Le projet d'accueil des ressortissants ukrainiens est une réussite, selon le Centre d'intégration et de placement à l'emploi Émersion, à Baie-Comeau. Une ombre au tableau : le programme fédéral de visa d’urgence pour les Ukrainiens a expiré dimanche, ce qui complique la venue de nouveaux ressortissants.

Vladlen Yarmolenko célèbre son 35e anniversaire à Baie-Comeau, à des milliers de kilomètres de sa ville natale, Soumy, en Ukraine. Sa mère et son frère résident toujours là-bas, près de la frontière russe.

Il aimerait les faire venir sur la Côte-Nord près de lui, mais l’expiration de l’Attestation de voyage d’urgence Canada-Ukraine alourdit les démarches. Vladlen Yarmolenko est arrivé à Baie-Comeau le 23 mars, quelques jours avant la fin du programme.

L'Ukrainien doit avant tout se trouver un toit, un emploi et apprendre la langue. Je voulais apprendre le français et les gens m’ont aidé à venir ici pour le faire. J’aimerais travailler, je suis chauffeur de camion, dit-il en ukrainien.

C’est Nina Laiksandrova, elle-même installée à Baie-Comeau depuis le début de l’année, et Vladyslav Markov, conseiller en intégration au Centre Émersion, qui lui ont fait connaître la région.

La décision d’Ottawa de ne pas renouveler les visas d’urgence a aussi précipité la venue de Nina Laiksandrova sur la Côte-Nord. Au début de la guerre, je me suis installée aux États-Unis. Et maintenant, je suis ici à Baie-Comeau. Je me plais ici, surtout que je cherchais un endroit au bord de l’eau, avec un accès à la nature et à la forêt, explique-t-elle en anglais.

Elle suit aujourd’hui des cours de francisation à temps plein et souhaite s’établir dans la région à long terme. En juin ou en juillet, je compte me trouver un emploi. J’ai aussi visité la région, dont Havre-Saint-Pierre. Mais pour pouvoir m’installer plus au nord ou à l’est, je dois d’abord maîtriser le français.

Les exemples d’intégration comme ceux-ci sont nombreux à Baie-Comeau, souligne Vladyslav Markov. On essaye de trouver des gens qui sont bien à Baie-Comeau, des gens dont les intérêts les mènent ici.

L'accès au logement est bien sûr un obstacle à l’immigration sur la Côte-Nord, mais c'est le cas aussi dans les grandes villes, fait valoir Vladyslav Markov.

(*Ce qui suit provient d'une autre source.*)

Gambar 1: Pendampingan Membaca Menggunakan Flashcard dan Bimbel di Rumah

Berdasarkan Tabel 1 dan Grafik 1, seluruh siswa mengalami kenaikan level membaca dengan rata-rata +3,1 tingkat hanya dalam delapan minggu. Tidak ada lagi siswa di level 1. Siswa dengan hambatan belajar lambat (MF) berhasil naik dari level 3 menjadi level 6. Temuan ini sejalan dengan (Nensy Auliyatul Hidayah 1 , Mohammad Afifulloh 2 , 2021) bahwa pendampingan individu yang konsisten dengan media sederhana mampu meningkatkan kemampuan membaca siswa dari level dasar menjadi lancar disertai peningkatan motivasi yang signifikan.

C'est pourquoi il mise sur la facilité à se trouver un emploi, ce qui ne manque pas par ici. Trouver un travail qualifié, c’est très important pour que les gens reçoivent leur résidence permanente après, ajoute-t-il.

La plupart des ressortissants ukrainiens sont venus à Baie-Comeau en vertu de l'Attestation de voyage d'urgence Canada-Ukraine (AVUCU). À la fin de février, 960 000 visas d'urgence avaient été délivrés par Ottawa, mais seulement 250 000 Ukrainiens sont venus au pays.

À partir de lundi, les titulaires du visa qui ne sont pas encore entrés au Canada ne peuvent plus se prévaloir de ses avantages. Il n'est donc plus possible de séjourner au pays pendant trois ans, au lieu des six mois habituels, ou de demander un permis de travail ouvert.

L’avocate en droit de l’immigration Me Nataliya Dzera déplore la décision du gouvernement fédéral. Le programme permettait de travailler n'importe où au Canada. Les gens qui sont venus en vertu de l’AVUCU ont pu trouver un emploi et travailler pour soutenir leur famille, sans dépendre du bien-être social des provinces.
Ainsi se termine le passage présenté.